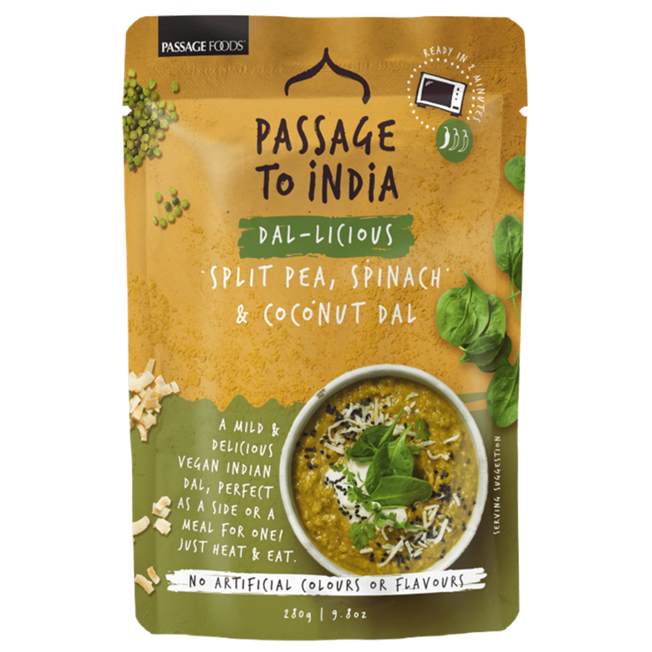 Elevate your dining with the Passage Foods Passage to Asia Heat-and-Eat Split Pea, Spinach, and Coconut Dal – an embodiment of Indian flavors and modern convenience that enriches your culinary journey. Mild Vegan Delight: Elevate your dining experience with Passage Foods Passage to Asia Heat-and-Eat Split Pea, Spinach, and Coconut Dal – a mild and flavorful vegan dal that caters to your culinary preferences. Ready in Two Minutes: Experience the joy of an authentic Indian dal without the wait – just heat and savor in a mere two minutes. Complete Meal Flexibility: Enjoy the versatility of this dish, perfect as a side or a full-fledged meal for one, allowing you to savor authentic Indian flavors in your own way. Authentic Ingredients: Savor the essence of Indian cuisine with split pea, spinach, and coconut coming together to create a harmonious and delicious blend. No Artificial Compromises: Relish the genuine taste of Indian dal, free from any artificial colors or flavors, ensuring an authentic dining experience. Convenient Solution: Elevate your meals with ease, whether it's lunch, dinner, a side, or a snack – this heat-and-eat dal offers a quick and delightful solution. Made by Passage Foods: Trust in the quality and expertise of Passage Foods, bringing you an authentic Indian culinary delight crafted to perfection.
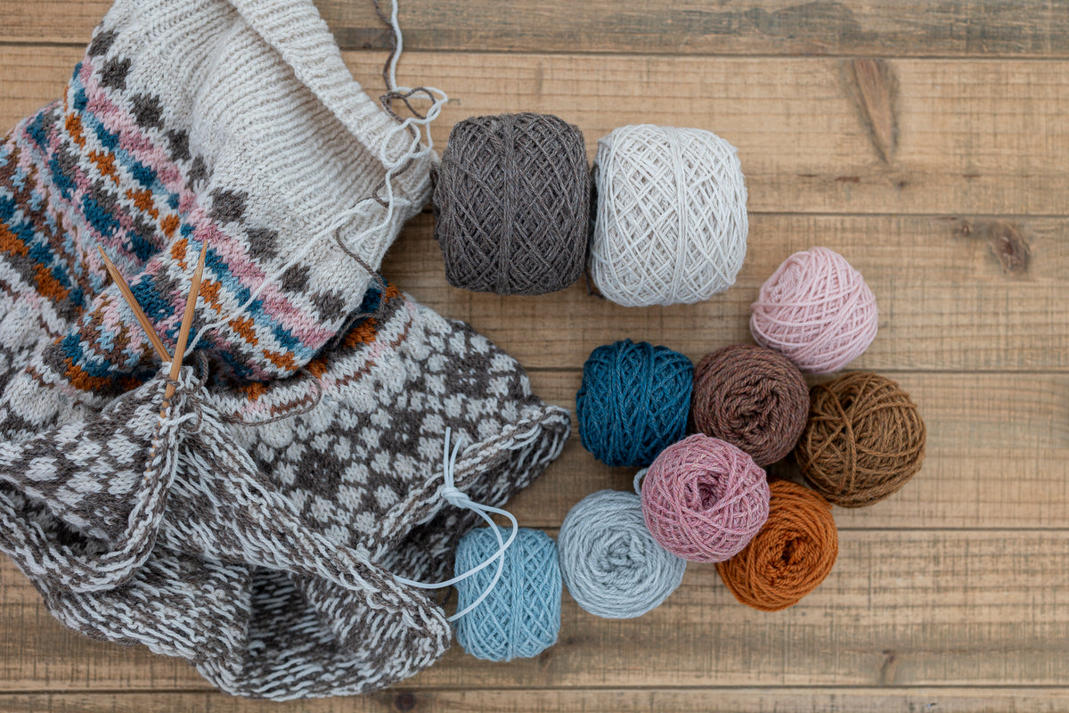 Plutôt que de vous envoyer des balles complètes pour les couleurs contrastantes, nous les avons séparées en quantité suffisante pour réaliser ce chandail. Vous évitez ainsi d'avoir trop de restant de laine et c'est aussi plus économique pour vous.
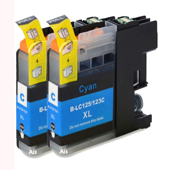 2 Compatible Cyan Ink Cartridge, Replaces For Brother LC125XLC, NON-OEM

## Task item:
If a picture falls within the span, leave it out, and reproduce exactly the lines from the one containing "Plutôt que de" through the end of the material, and no others.

## Final answer:
 Plutôt que de vous envoyer des balles complètes pour les couleurs contrastantes, nous les avons séparées en quantité suffisante pour réaliser ce chandail. Vous évitez ainsi d'avoir trop de restant de laine et c'est aussi plus économique pour vous.
 2 Compatible Cyan Ink Cartridge, Replaces For Brother LC125XLC, NON-OEM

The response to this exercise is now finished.